Table 2 is a bit more complex - it is a lookup table which encodes the following: For any byte-valued integer B in [0,255], given a target set-bit index I in [0,POPCNT(B)], the table-lookup returns the bit-index of the set bit with respect to B. This is a bit trickier to set up, since different values of B have numbers of set bits ranging from 0 to 8, so one needs to consider whether the requested bit-index is legal for the byte-valued int in question. But assuming the caller will only ever request a bit-index value which is appropriate for the specific byte-value in question, you could use a set of 256 24-bit ints to encode this. Each 24-bit table entry is divided into eight 3-bit subfields containing up to eight bit indices for the byte-value corresponding to the table entry. The low 3 bits are the bit index of the first set bit in B, etc.

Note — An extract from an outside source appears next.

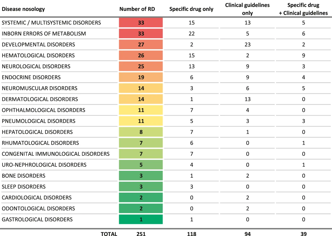 The final list includes 251 conditions, classified in broad categories (Table 1). Notably, most of the conditions identified benefit exclusively either from a drug (118 RDs) or clinical guidelines (94 RDs), while only 39 of them benefit from both (Figure 2). Without surprise, the largest groups are inborn errors of metabolism and multi-systemic diseases, followed by developmental disorders, hematological disorders and neurological disorders. Developmental disorders are well represented because of the large number of clinical guidelines available, despite a small number of drug therapies (Table 2). On the contrary, inborn errors of metabolism rank high because of the large number of marketed drugs, despite a small number of clinical guidelines. In all categories, the number of RDs with both a marketed drug and clinical guidelines is very small (15%).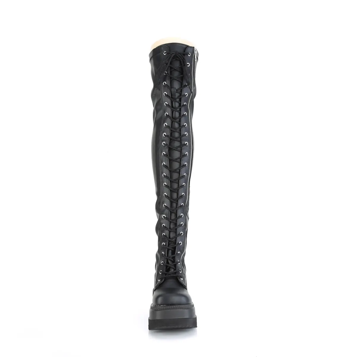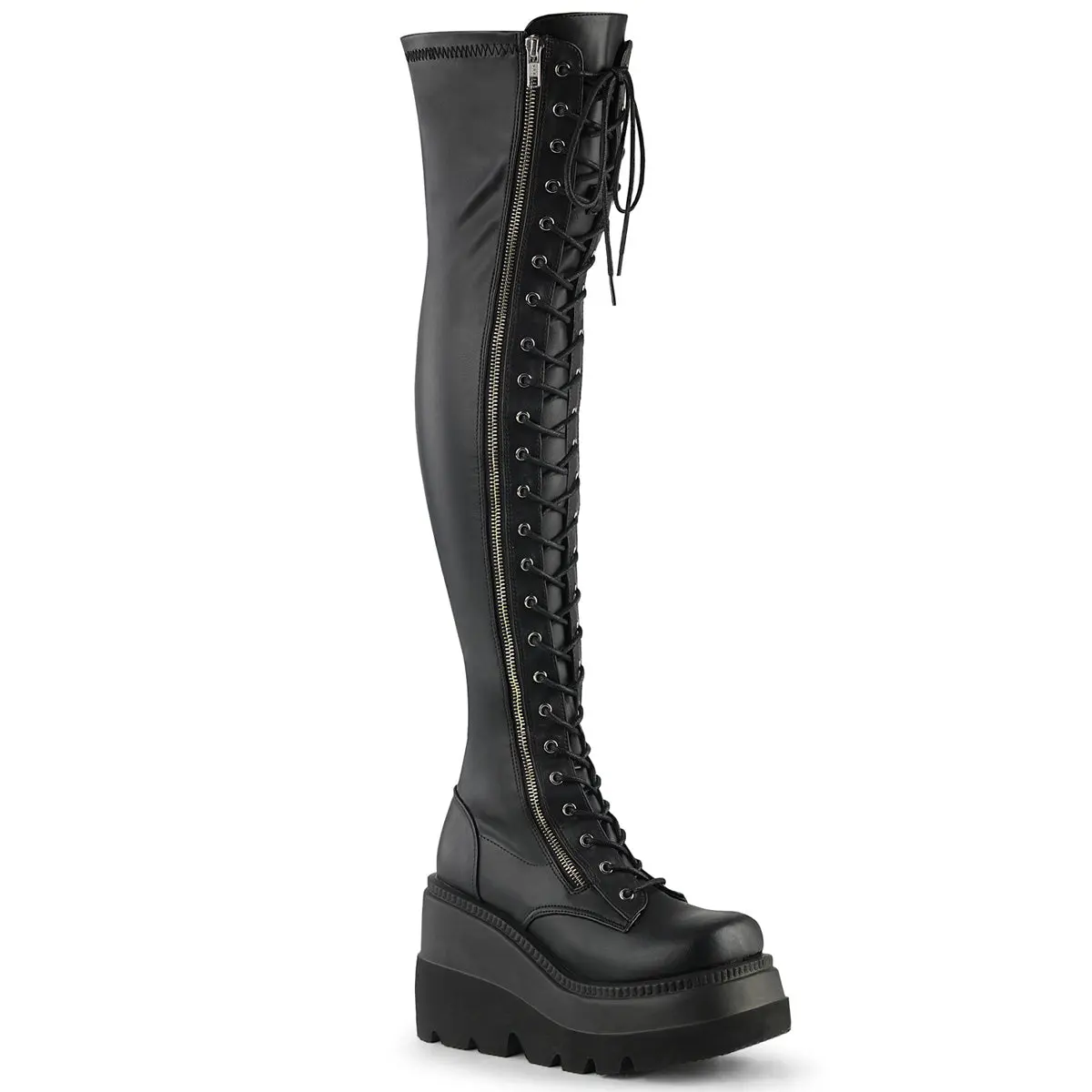 Unleash your inner rebel with our striking Shaker-374 thigh-high boots. Designed with a 4 1/2" wedge platform, lace-up front, and black stretch vegan leather material, these boots are perfect for anyone looking for comfort and style. The full-length outside metal zipper ensures easy on and off, allowing you to step out in style with ease. Whether you're looking to spice up your everyday wear or make a statement at your next concert or cosplay event, the Shaker-374 is sure to turn heads. Don't wait any longer, add these iconic boots to your ensemble today and elevate your style to the next level.

For greater efficiency it would probably be better to use 32-bit ints 4-bit index-offset subfields, with one bit in each subfield going unused. Then, declaring this table like so:

uint32 table2[256];

and after properly initializing it, the bit-index of a given set bit I (zero-offset, i.e.I=0 means the first set bit) in byte-value B is simply equal to

(table2[B] >> (4*I)) & 0xf

2. Loop over the 8 bytes in your 64-bit input int X, and do 8 Table-1 lookups to generate a sequence of partial sums based on the total #bits set in the accumulated bytes. This could be the basis for a fast binary search, but since are just 8 such partial the overhead for managing such a data structure might exceed any gains due to the better asymptotic opcount;

3. Given an input bit-index in [0, POPCNT(X)], use the partial sums you generated in step [2] to find which byte contains the bit in question, and then use Table 2 to give you the bit index within the target byte.
ewmayer is offline   Reply With Quote
Old 2011-02-28, 21:58   #8
only_human
 
only_human's Avatar
 
"Gang aft agley"
Sep 2002

72528 Posts
Default

I'm a bit rusty in programming Ernst, so I apologize if I miss the points or end up blathering a bit...

It is easy to get population counts for small fields of the entire 64 bit value

For single bit fields, POPCNT is the bit itself.

For two bit POPCNTs, you add even bit positions to odd bit positions.

Looking above, at the code snippet in my earlier message, it is just a case of shift, mask and add. The comments for the POPCNT variables are more explicit than the slightly optimized actual code.


v = 1 bit POPCNTs (64 of them)
a = 2 bit POPCNTs (32 of them)
b = 4 bit POPCNTs (16 of them)
c = 8 bit POPCNTs (8 of them)
d = 16 bit POPCNTs (4 of them)

Perhaps 'c' would be more efficient than 8 table lookups for step two that you describe.

The rest of the code snippet is a bit roughish; to avoid conditional tests and jumps, for comparisons it does subtracts and depends on certain bits of the result. To adjust 's' it depends on bit 8 of an integer being 0 or 1 after a subtraction . To adjust 'r' it depends on several bits of the second byte of a subtraction being all 0 or all 1.

In any case the fact that it works makes it so ugly that it is nice. The first 't' value looks wrong to me but I accept that I must be misunderstanding things a bit. After each test and adjustment, 't' is changed to depend on a different one of those POPCNT variables I mentioned above shifted by the partial result 's' and masked to the relevant bits for the next comparison.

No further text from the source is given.